О своем житье-бытье Белый сообщал всем буднично, подробно и откровенно: «<…>Картина Москвы: вечером стрельба. К стрельбе так привыкли, что никто не обращает никакого внимания. Недавно нам в спину стреляли из автомобиля; потом автомобиль „мирно“ проехал мимо; около дома, где я сейчас ночую, сегодня весь день перекидывал снег через забор бывший инспектор школы живописи и ваяния мой учитель истории В. Е. Гиацинтов. Многие интеллигенты в Москве зарабатывают себе пропитание таким способом.
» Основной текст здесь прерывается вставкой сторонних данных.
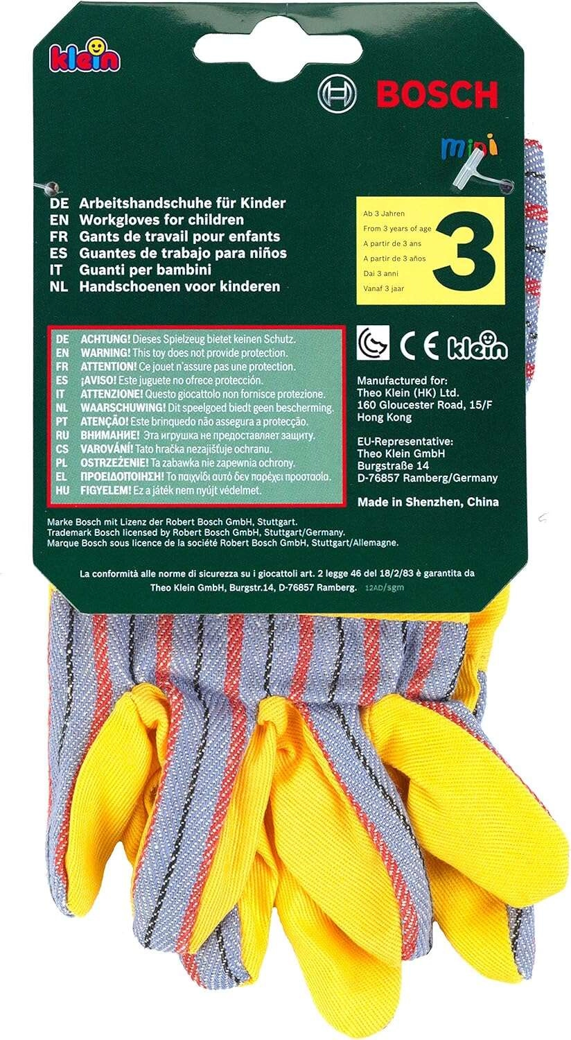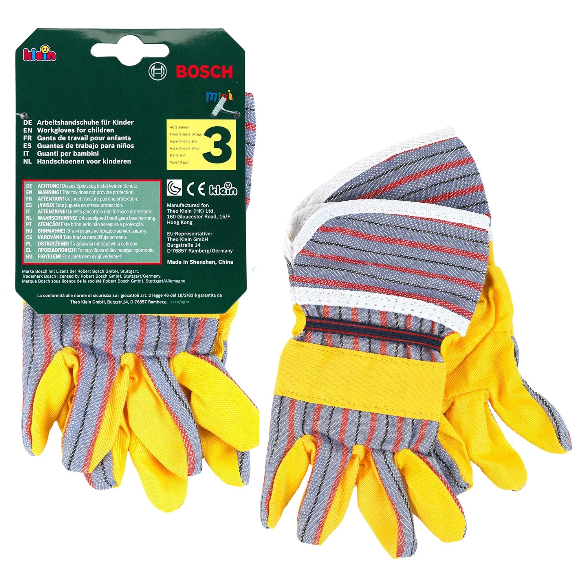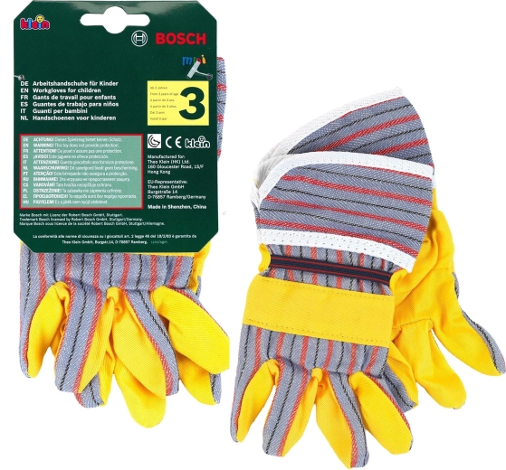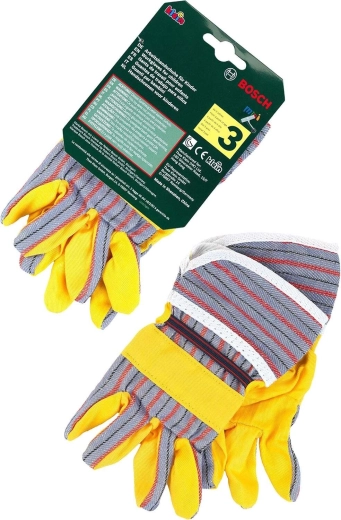 Dziecięce rękawice robocze BOSCH marki Klein to świetny dodatek dla małych majsterkowiczów. Wiernie naśladują prawdziwe rękawice, mają żółte dłonie z szarymi pasiastymi elementami, elastyczne mankiety dla lepszego trzymania i są idealne do zabawy w rzemieślników i ogrodników.

В квартиры врываются; мою маму из одного управления погнали к черту (она хлопотала, чтобы ей разрешили взять из ящика последние ее крохи, чтобы платить налоги) – погнали к черту, сказав: „Идите работать: заработайте и заплатите“. Наш швейцар должен получать 200 рубл[ей] в месяц + 18 рублей с квартиры, т. е. 326 рублей в месяц (он – ничего не делает); я получаю в месяц верных лишь 200; и из нас выдавливают всеми законными и беззаконными средствами все: остается примкнуть к анархистам и выдавливать деньги насильно из других. Чем все это кончится – Бог весть! Вместе с тем: головокружительно интересно жить…» В заключительной фразе – весь Андрей Белый!..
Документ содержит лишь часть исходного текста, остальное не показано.